Daily Archives: September 9, 2013
Pacific And Pacifist
Yours truly cannot but look with some concern at the views and the mentality with which many of those opposed to a US intervention in Syria present their argument. Let me describe some of them, and add my two Catholic cents on them.
1. The US might become involved in a new war.
I do not know you, but I always thought that with power comes responsibility, and a superpower should have correspondent responsibilities. If we look at the past, it was the richest and most powerful who were asked to make the biggest effort – be it concerning the Crusades, the feeding of the poor, or the building of the next cathedral -. To be a superpower involves the continuous risk of being involved in undesired conflicts; the obvious counterpart, by the by, of the possibility of influencing each one of them.
2. War is bad/no more war/make love,not war/give peace a chance (and similar rubbish).
This kindergarten pacifism (a favourite pastime not only of hippies and assorted potheads, but also of Pope Paul VI, and Bishop Francis) has the consequence that Neville Chamberlain must be considered an excellent man at least until September 1939, and Winston Churchill a war-thirsty bastard who led countless young lives to a useless death.
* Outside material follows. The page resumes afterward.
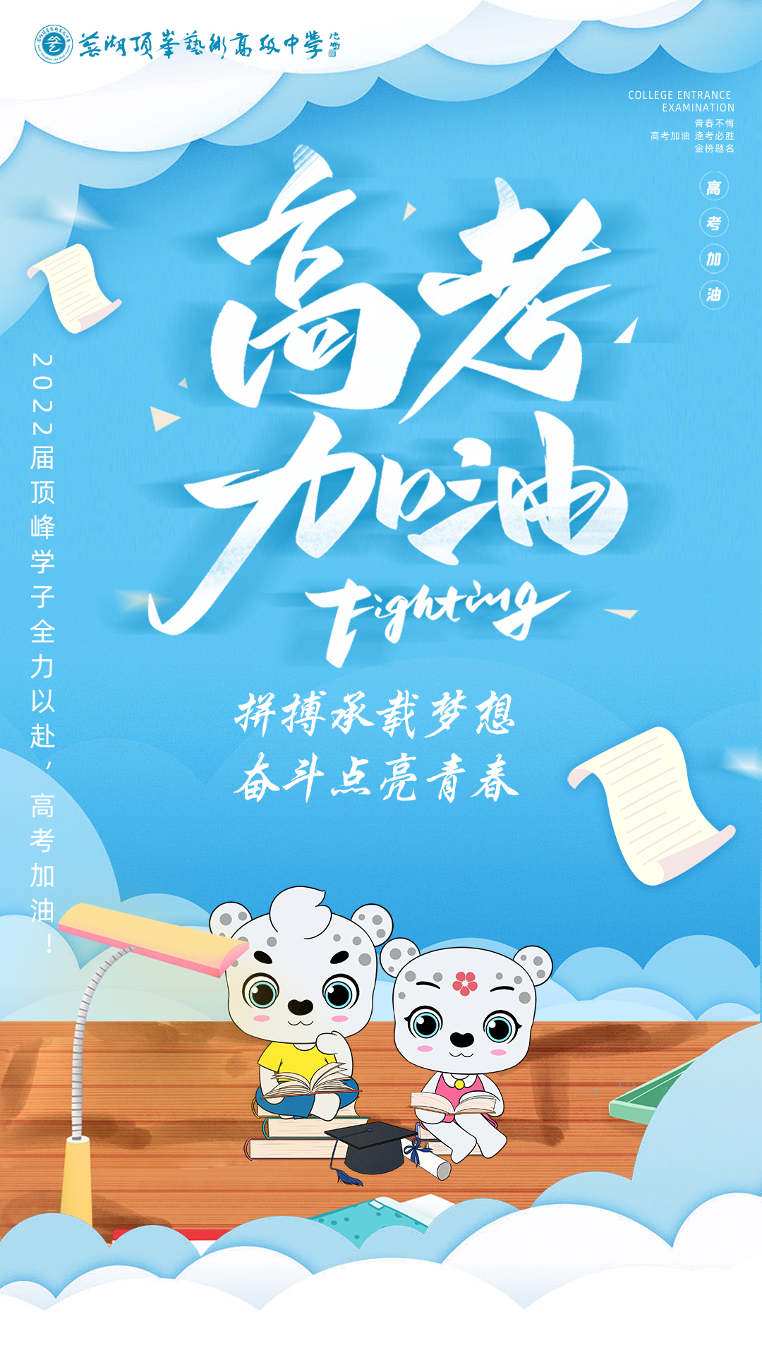 2022年高考已经进入倒计时。高高堆起的书,一沓沓试卷以及埋头苦学的高三学子是每个毕业班里最普通不过的场景,然而在这种普通中却藏着非凡的梦。 回首过去的时间里,我们的同学、老师、班主任、生活班主任……陪在2022届顶峰学子身边已经有了这么长的时光。在高考还剩下几天的时间里,他们用满满的心意、满满的期待送来了最诚挚的祝福,愿顶峰高考学子们乘“峰”破浪,全力以赴,收获成果。 √NO.1不负青春 最真挚的祝福 ,时长02:21 高考,是一场难以忘怀的青春盛宴,也是一场蓄势待发的追梦旅程。高考将至,顶峰艺术高中的校长老师们、高三班主任团队、高三生活班主任团队们也为大家开启了一波“花式”祝福,简单的话语潜藏最真挚的祝愿,为高考生们加油助威。 √NO.2逐光追梦 我们并肩前行炎炎的夏日里,老师们送来清凉的水果。愿孩子们高考一帆风顺、平平安安,也寓意着学子们能在高考中全力以赴,取得好成绩。 老师们将水果分发到每位学生的手里,并向他们表示临考前的祝福。这样的暖心举动,让学子们的脸上都绽开了笑容,甜蜜的水果让孩子们吃在嘴里、甜到心头。 √NO.3韶华不负 为梦全力以赴 ,时长00:11 考前助力,能量续航。学弟学妹们大声喊出自己的祝福,将自己的祝愿、自己对学长学姐的鼓励描摹成一张张色彩斑斓的画报。 *版面有限 仅展示部分 十年春风化雨 只为今朝笔下生花2022届顶峰艺术高中的学子们你们即将离开母校逐梦高考沙场长风破浪会有时愿你们全力以赴 奔赴山海愿你们挥毫纸间,终得偿所愿 END
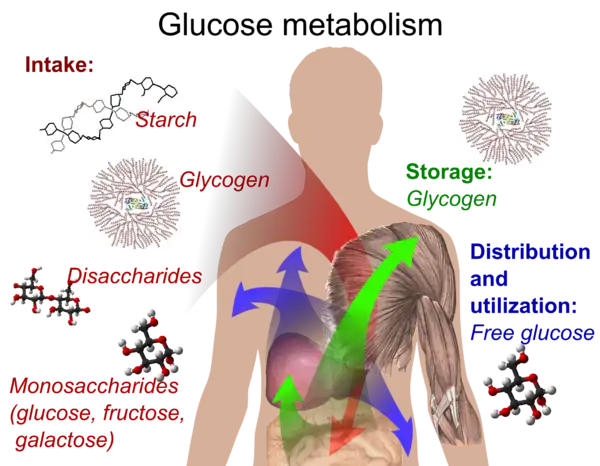 Glucogen Metabolism Glucose metabolism and various forms of it in the process is described by the process below. Glucose-containing compounds are digested and taken up by the body in the intestines, including starch, glycogen, disaccharides and as monosaccharide. Glucose is stored in mainly the liver and muscles as glycogen. It is distributed and utilized in tissues as free glucose.

Every wholesale expression of war as a never acceptable option not only does not take account of reality, but positively helps evil fanatics the world over. At times, evil regimes must simply be kicked/bombed out of existence, and again to deny this means to be a Chamberlain of a particularly obtuse sort. Unfortunately, the bishop of Rome cannot escape this kindergarten logic; a logic which makes him look good with the kindergarten masses, and which he must therefore think very smart.
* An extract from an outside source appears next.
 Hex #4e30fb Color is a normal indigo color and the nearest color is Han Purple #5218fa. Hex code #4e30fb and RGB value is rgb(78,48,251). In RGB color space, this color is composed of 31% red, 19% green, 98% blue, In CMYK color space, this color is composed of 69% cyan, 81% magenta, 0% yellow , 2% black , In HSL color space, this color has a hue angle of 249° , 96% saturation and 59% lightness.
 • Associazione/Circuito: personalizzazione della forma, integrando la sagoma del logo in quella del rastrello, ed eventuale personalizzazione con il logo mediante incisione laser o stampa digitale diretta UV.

3. Violence must make way for negotiation.
The continuous calls for peace where peace is clearly not in the cards is, if we are honest, another piece of kindergarten stuff; whilst I expect calls to peace from a Pontiff, when it is the only plan of action this is what we hear from people who wants to look good on the cheap, and without taking risks. Wars – most of all, civil wars and/or religious wars – aren’t fought because the parts aren’t aware that there is the option of negotiations. As long as the military option seems more promising to at least one of the fighting parties, an armed confrontation is what you will get. Actually, in the presence of an extremely ideologically motivated side – say, Al Qaeda-near fighters; or the Vietcong – any ceasefire will only be used to regroup and go better prepared into the next military campaign, which is why in this situation any ceasefire now is probably going to be paid with more violence later. More in general, to ask what is clearly unrealistic merely in order to look good and please the crowds – yes, I am thinking of Francis again – is nothing to do with a serious analysis of the problem or an intelligent proposal for its solution. It is merely what Francis does all the time: pleasing the crowds.
4. Every Syrian was born equal.
This is very un-PC, but I think that it must be said. I am sick and tired of those appeals to peace who are generically addressed to the Syrian people as if its Christian population were not the most endangered part of it, and those who have most to fear from the collapse of the Syrian regime. It is the height of ecumenical stupidity not to have the interest of the poor Christians in Syria on a higher plane than the one of the Muslim population. If it were so, we should welcome a new regime merely because, say, deemed more honest, efficient, democratic, or near to the needs of the people. It is not so. One regime would treat Christians much, much worse than the other, and I see it as the duty of every Christian to put their safety before other consideration like “freedom” or “democracy”. When Bishop Francis manages to put Christians and Muslims in the same basket without addressing in a compelling way the special dangers of the Christians in Syria, I shudder.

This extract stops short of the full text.